I'm expecting variable $page to increment by 1, so the $url will change and the foreach function in every loop will receive a new url and start scraping again. 我期望变量$ page增加1，因此$ url将更改，每个循环中的foreach函数将收到一个新的url并再次开始抓取。

But the problem is: The loop only parsing one page unlimited times, the page number is not increasing by 1. 但是问题是：循环只解析一页没有限制的次数，页数没有增加1。

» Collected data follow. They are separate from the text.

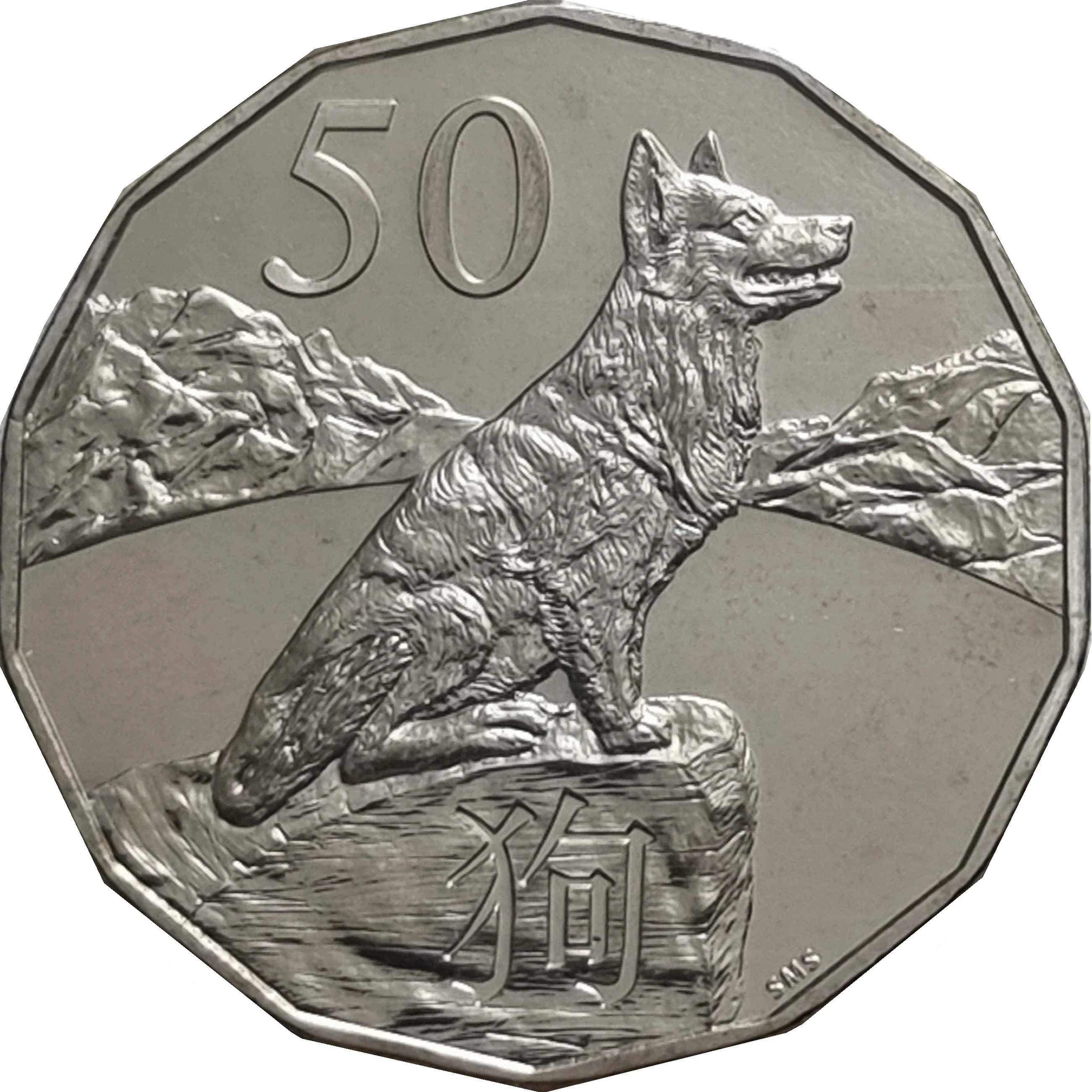Dog on a rock, with hills behind and the Chinese character for "Dog" below.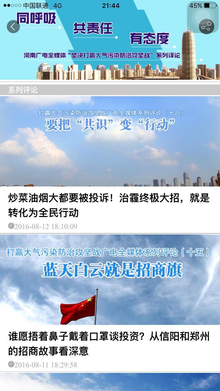 從7月份開(kāi)始,河南開(kāi)始打響大氣污染防治攻堅(jiān)戰(zhàn),河南廣電全媒體推出“堅(jiān)決打贏大氣污染防治攻堅(jiān)戰(zhàn)”系列評(píng)論,到8月13日已經(jīng)推出了16篇。連日來(lái),系列評(píng)論在社會(huì)上引起了方方面面的關(guān)注,產(chǎn)生了巨大影響。8月14日晚上,央視《新聞聯(lián)播》,也關(guān)注了河南大氣污染防治攻堅(jiān)戰(zhàn)。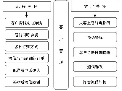 可與企業(yè)既有的800或400電話相結合,包含1至16個客服人員坐席設置,主要處理實時的產(chǎn)品售前售后咨詢、電話訂單受理等呼入類業(yè)務,也能滿足以外撥為主的客戶關懷需求;同時,客服人員能夠通過系統(tǒng)隨時了解各種商品庫存情況,以便對網(wǎng)上交易提供及時有效的服務。來電彈跳客戶資料中必須顯示出客戶的歷史消費詳細信息,以及正在進行中的交易詳情。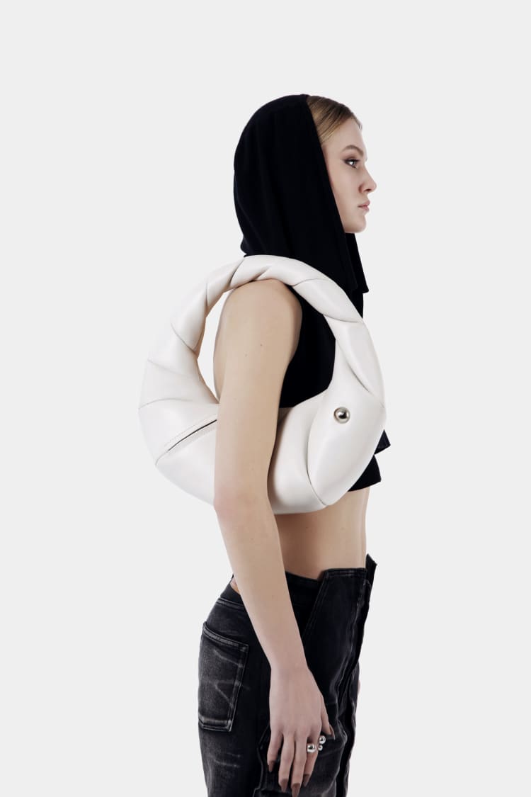ツイステッドバッグ|ホワイトレザーハンドバッグ
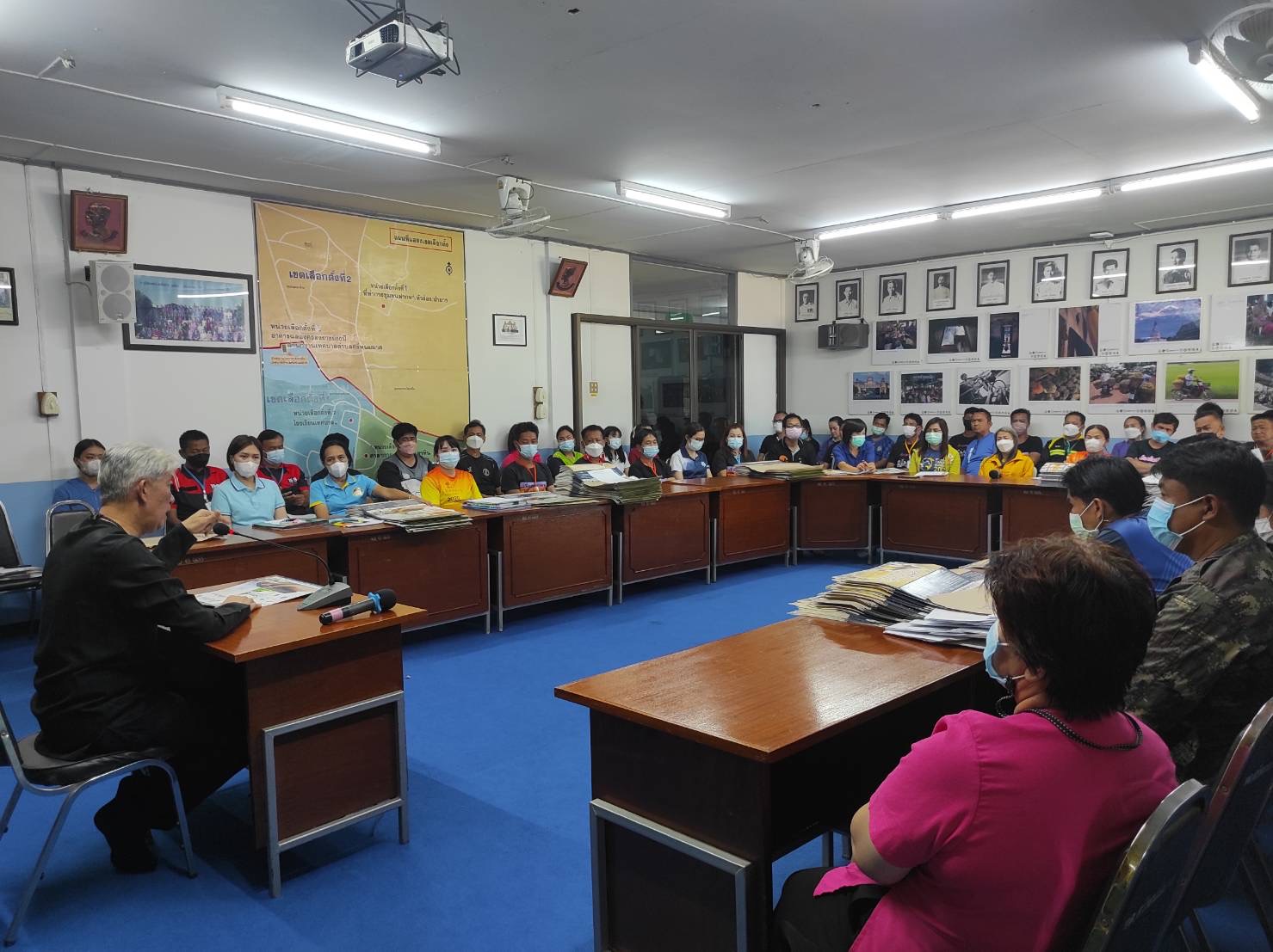 ท่านนายกฯ ประชุมมอบหมายภารกิจให้กับพนักงานที่มีหน้าที่ลงพื้นที่ในการแจกปฎิทินประจำปีและวารสาร ‘ศรีพนมมาศสาร’ ให้กับประชาชนภายในเขต ณ ห้องประชุมสภาเทศบาลตำบลศรีพนมมาศ
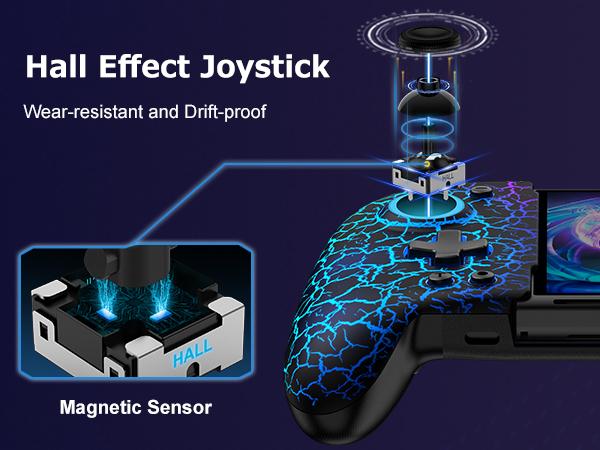 【Hall Sense Joystick Controller】This Switch controller comes with Hall Sense Joystick, the innovative electromagnetic induction technology allows your controller to never drift, you can precisely control your character in intense games, greatly extending the life of the controller.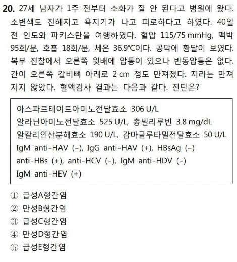 예컨대, 아래 문제와 같은 환자를 제가 실제 의료 현장에서 만난다면, 증상만으로 간염을 의심할 수 있을 거라 저조차 생각지 않습니다(아직은요). 하지만 문제처럼 간염을 이미 의심해 바이러스 검사가 모두 이루어진 상태에서는 누구라도 답을 쉽게 고를 수 있을 것입니다.
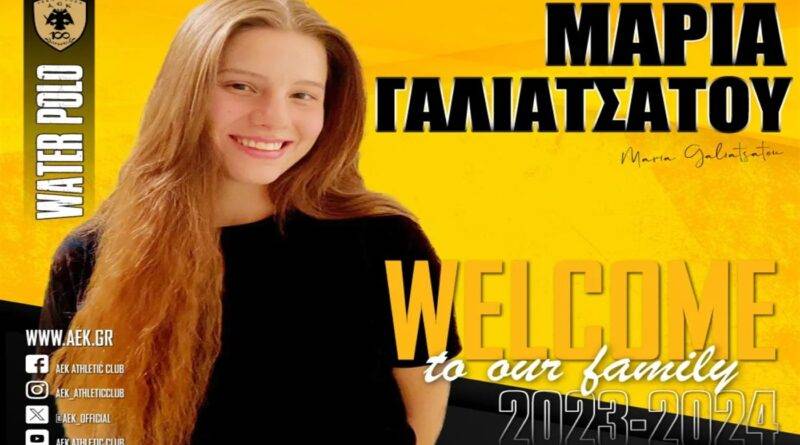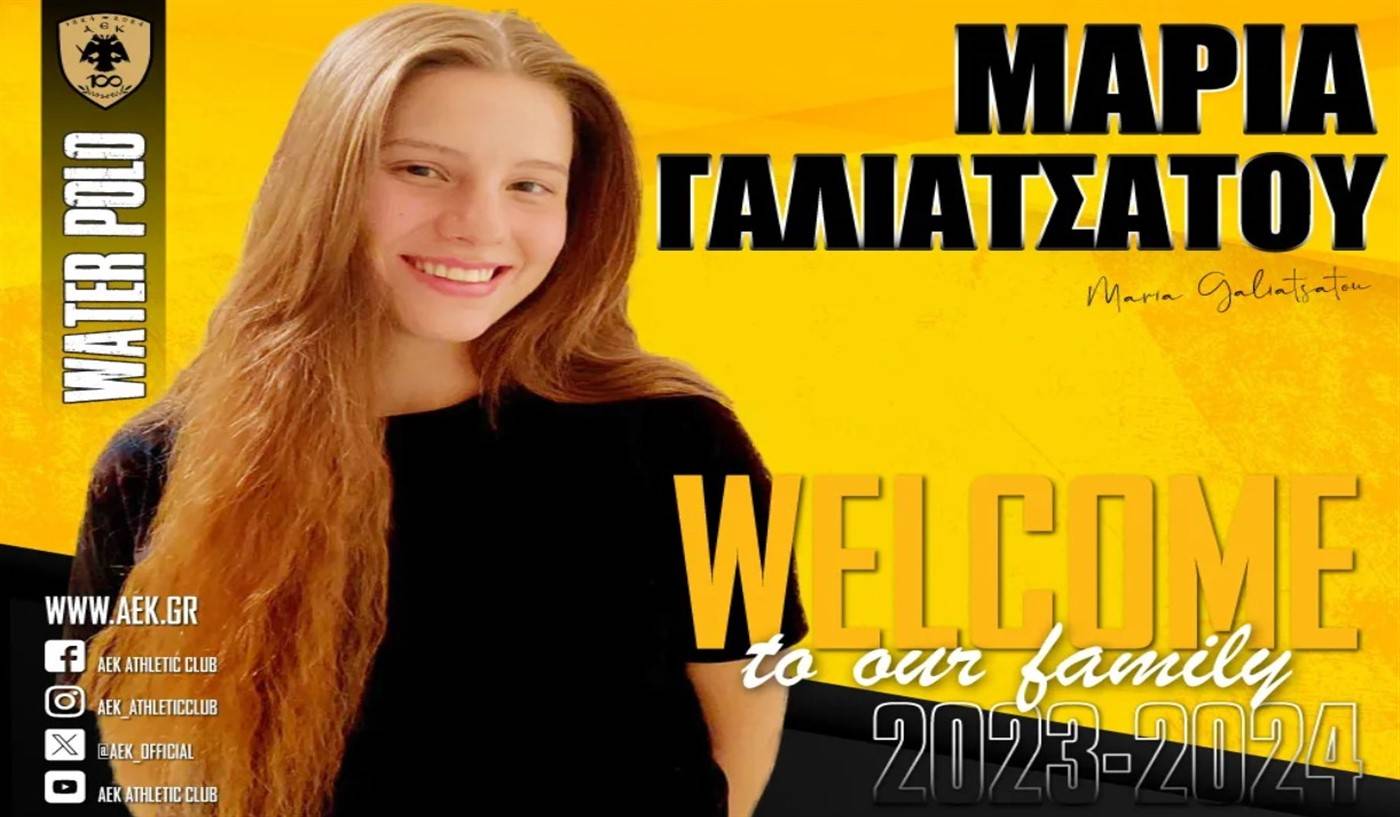 Η ΑΕΚ βρίσκεται στην ευχάριστη θέση να ανακοινώσει την έναρξη της συνεργασίας της με την Μαρία Γαλιατσάτου. Η 22χρονη (12/12/2001) περιφερειακός υπέγραψε το συμβόλαιό της και εντάσσεται στο δυναμικό της γυναικείας ομάδας Πόλο του Συλλόγου.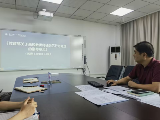 第二阶段是集中学习,主要分为师德师风集中学习教育、意识形态集中学习教育、党员教育三部分内容。吴绍靖主任首先带领大家学习了《教育部关于高校教师师德失范行为处理的指导意见》的十条指导意见。他在学习中指出,师德师风评价教师素质能力的第一标准,我们要对教职工师德师风集中教育学习常抓不懈,以进一步规范高校教师履职履责行为,落实立德树人根本任务,弘扬新时代高校教师道德风尚,努力建设有理想信念、有道德情操、有扎实学识、有仁爱之心的高素质队伍。之后吴主任通报了信息化办公室2023年上半年意识形态工作专项自查情况,并反复强调了意识形态教育的重要性。他指出意识形态教育是单位教职工思政政治理论学习的首要任务,我们要加强每一位职工的意识形态教育,筑牢思想防线,后续单位将进一步加强意识形态教育。最后,谭冬霞副主任带领大家学习了主题教育相关文件精神。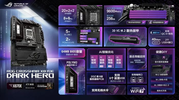 ROG CROSSHAIR X870E DARK HERO采用经典黑配色,加上Polymo动态灯效2.0,尽显低调奢华。采用20(110A)+2(110A)+2供电模组,同样有2盎司铜8层AI服务器级PCB、AI智能超频、混合双模超频以及AI缓存加速,可充分发挥性能。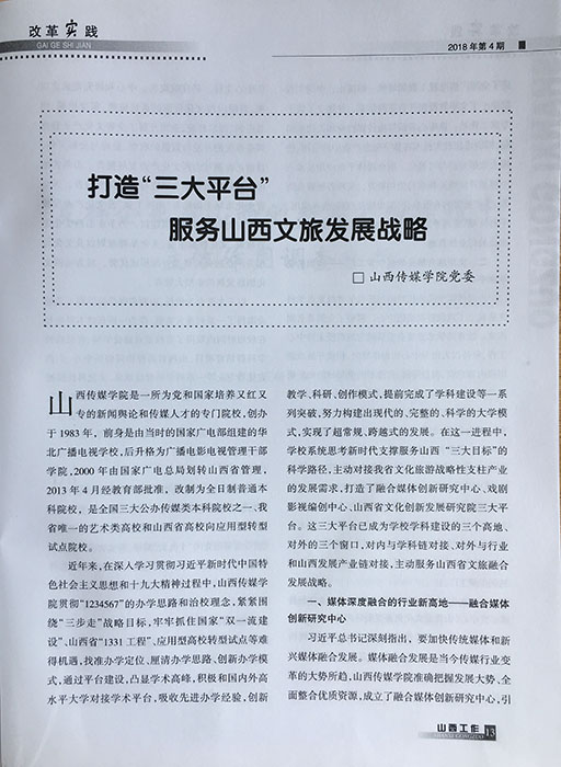 近日,由省委主办的《山西工作》(2018年第4期)刊载了署名我校党委的文章,题为《打造“三大平台” 服务山西文旅发展战略》。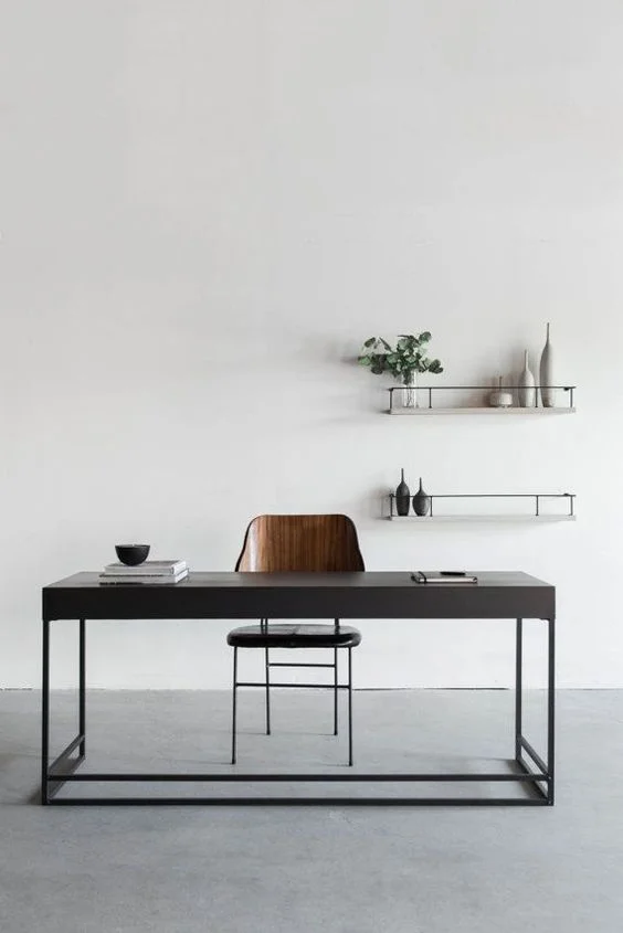 No superfluous, just the essentials. This extreme minimalist home office design features a dark grey welded steel office desk with a matching chair. The clean top and lines leave no room for clutter, fuss and fluff.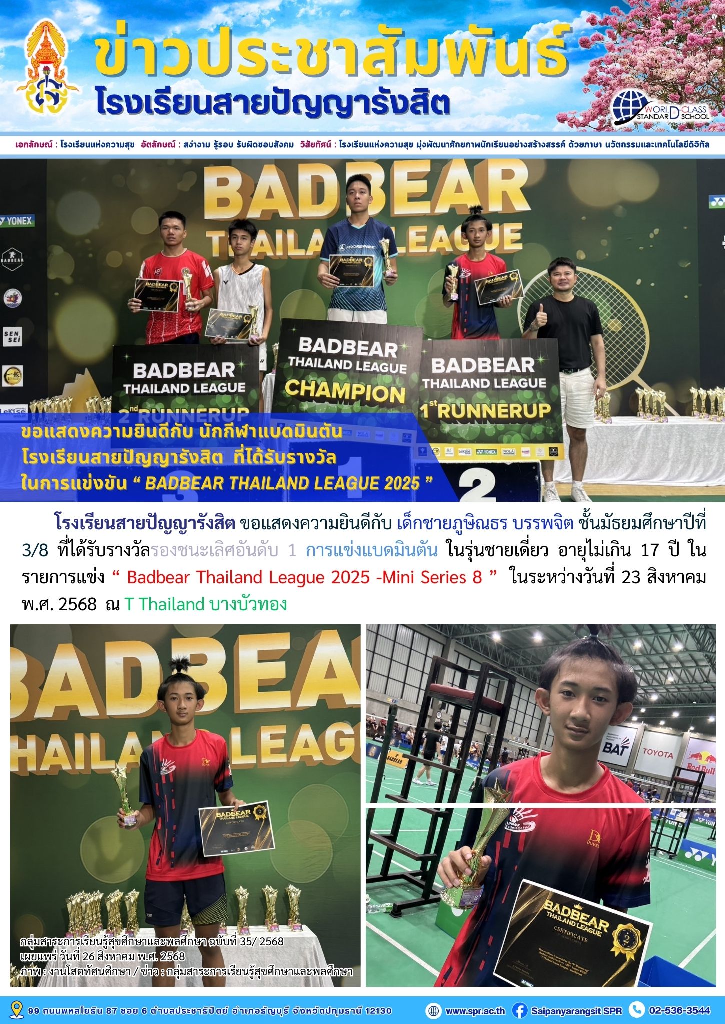 ขอแสดงความยินดีกับ นักกีฬาแบดมินตัน โรงเรียนสายปัญญารังสิต ที่ได้รับรางวัล ในการแข่งขัน “ Badbear Thailand League 2025 ”

   $url   = 'http://www.imdb.com/search/title?genres=animation&page='.$page.''; # this URL

for ($page = 1; $page <= 5 ; $page++) {

foreach((new DOMXpath(@DOMDocument::loadHTMLFile($url)))->query($expr) as $obj)
    preg_match($regex, $obj->value, $matches)
      && $ids[$matches[$match]] = 0;
    ;
$ids = array_keys($ids);


    print implode("<br /> ", $ids);

}

Example: http://surveygun.com/tt.php 示例： http ： //surveygun.com/tt.php

Answer 1

You can try something like this, change $i <= num to how every many pages you want to loop through. 您可以尝试执行以下操作，将$ i <= num更改为要循环浏览的页面数。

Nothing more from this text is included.